Of course the word “human” really describes many, many more properties— when you see a human-shaped entity that talks and wears clothes, you can infer whole hosts of biochemical and anatomical and cognitive facts about it. To replace the word “human” with a description of everything we know about humans would require us to spend an inordinate amount of time talking. But this is true only because a featherless talking biped is far more likely than default to be poisonable by hemlock, or have broad nails, or be overconfident.
Having a word for a thing, rather than just listing its properties, is a more compact code precisely in those cases where we can infer some of those properties from the other properties. (With the exception perhaps of very primitive words, like “red,” that we would use to send an entirely uncompressed description of our sensory experiences. But by the time you encounter a bug, or even a rock, you’re dealing with nonsimple property collections, far above the primitive level.)
So having a word “wiggin” for green-eyed black-haired people is more useful than just saying “green-eyed black-haired person” precisely when:
- Green-eyed people are more likely than average to be black-haired (and vice versa), meaning that we can probabilistically infer green eyes from black hair or vice versa; or
- Wiggins share other properties that can be inferred at greater-than-default probability. In this case we have to separately observe the green eyes and black hair; but then, after observing both these properties independently, we can probabilistically infer other properties (like a taste for ketchup).
One may even consider the act of defining a word as a promise to this effect. Telling someone, “I define the word ‘wiggin’ to mean a person with green eyes and black hair,” by Gricean implication, asserts that the word “wiggin” will somehow help you make inferences / shorten your messages.

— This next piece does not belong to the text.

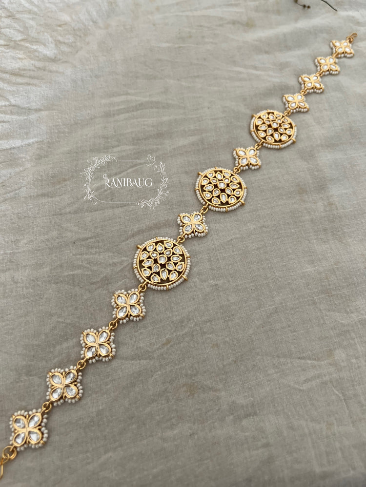 Ranibaug’s Medallion and Clover Kundan Sheesh Patti—a graceful blend of tradition and fresh design. This sheesh patti features alternating kundan-embellished round medallions and intricate four-petal clover links, giving a harmonious pattern that’s both eye-catching and refined for weddings, festivals, or special family occasions.
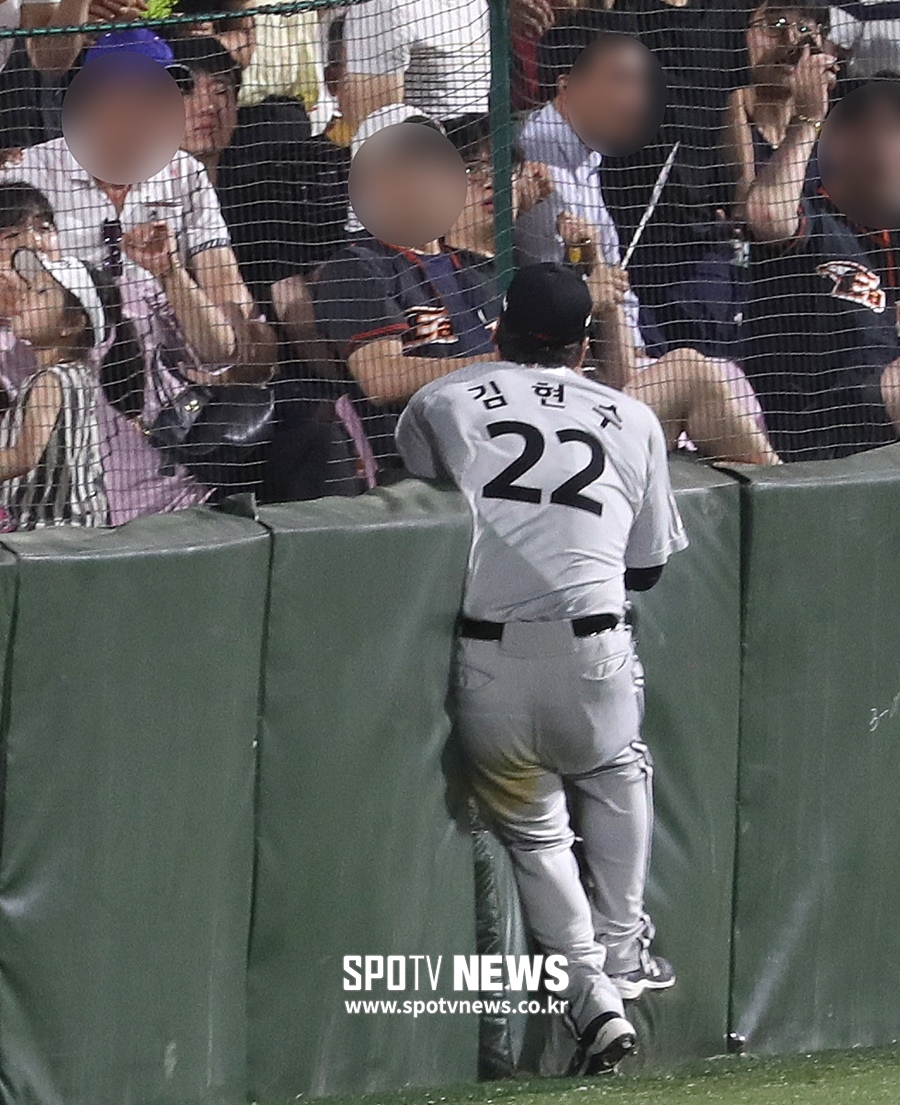 [스포티비뉴스=청주, 곽혜미 기자] '2018 신한은행 마이카 KBO 리그' 한화 이글스와 LG 트윈스의 경기가 21일 오후 청주야구장에서 열렸다. 6회말 1사 한화 정은원의 파울 플라이를 LG 좌익수 김현수가 몸을 날려 잡아내고 있다.

If green-eyes and black hair have no greater than default probability to be found together, nor does any other property occur at greater than default probability along with them, then the word “wiggin” is a lie: The word claims that certain people are worth distinguishing as a group, but they’re not.
In this case the word “wiggin” does not help describe reality more compactly—it is not defined by someone sending the shortest message—it has no role in the simplest explanation. Equivalently, the word “wiggin” will be of no help to you in doing any Bayesian inference. Even if you do not call the word a lie, it is surely an error.
And the way to carve reality at its joints is to draw your boundaries around concentrations of unusually high probability density in Thingspace.